• **Work to complete**
Take the lines from the one containing "We analyze the" through the end of the material and write them out exactly, omitting pictures.

• **Data**
━━━━━━━━━━━━━━━━━━━━━━━━━━━━━━

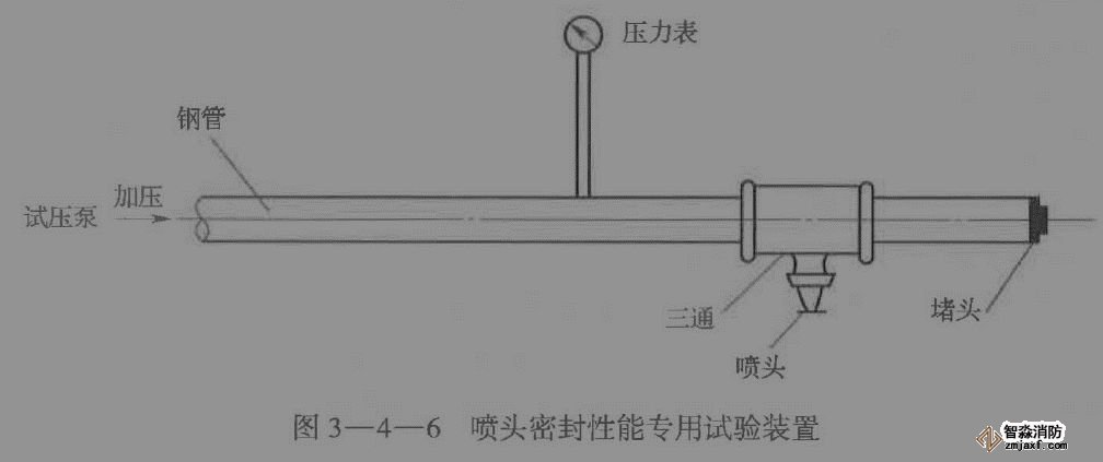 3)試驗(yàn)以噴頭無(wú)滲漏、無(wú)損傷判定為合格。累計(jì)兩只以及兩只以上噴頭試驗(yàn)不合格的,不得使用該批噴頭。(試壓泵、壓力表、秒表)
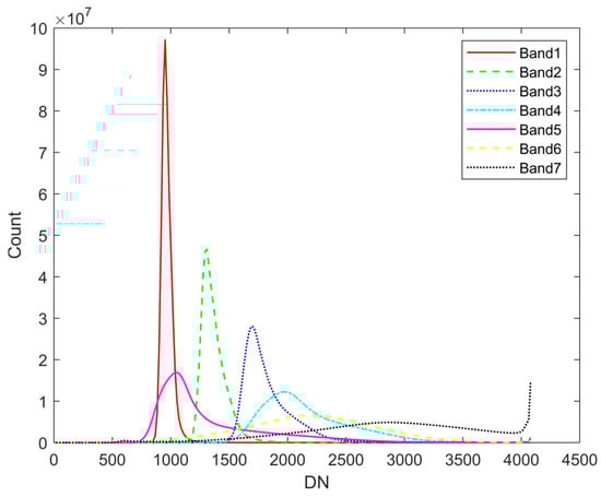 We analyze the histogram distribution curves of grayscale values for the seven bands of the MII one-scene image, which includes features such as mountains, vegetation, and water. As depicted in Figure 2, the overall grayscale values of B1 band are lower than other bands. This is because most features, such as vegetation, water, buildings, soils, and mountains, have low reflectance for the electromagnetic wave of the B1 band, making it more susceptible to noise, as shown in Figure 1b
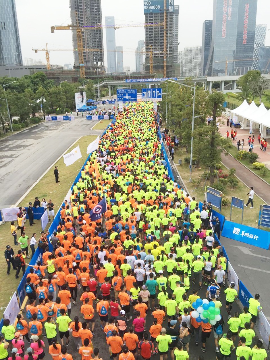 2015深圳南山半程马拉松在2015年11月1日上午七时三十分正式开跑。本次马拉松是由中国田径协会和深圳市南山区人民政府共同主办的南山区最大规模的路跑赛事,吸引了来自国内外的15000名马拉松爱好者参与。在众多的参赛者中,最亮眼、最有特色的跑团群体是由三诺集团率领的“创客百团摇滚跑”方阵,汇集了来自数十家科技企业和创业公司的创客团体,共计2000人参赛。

━━━━━━━━━━━━━━━━━━━━━━━━━━━━━━

• **Solution for this problem**
 We analyze the histogram distribution curves of grayscale values for the seven bands of the MII one-scene image, which includes features such as mountains, vegetation, and water. As depicted in Figure 2, the overall grayscale values of B1 band are lower than other bands. This is because most features, such as vegetation, water, buildings, soils, and mountains, have low reflectance for the electromagnetic wave of the B1 band, making it more susceptible to noise, as shown in Figure 1b
 2015深圳南山半程马拉松在2015年11月1日上午七时三十分正式开跑。本次马拉松是由中国田径协会和深圳市南山区人民政府共同主办的南山区最大规模的路跑赛事,吸引了来自国内外的15000名马拉松爱好者参与。在众多的参赛者中,最亮眼、最有特色的跑团群体是由三诺集团率领的“创客百团摇滚跑”方阵,汇集了来自数十家科技企业和创业公司的创客团体,共计2000人参赛。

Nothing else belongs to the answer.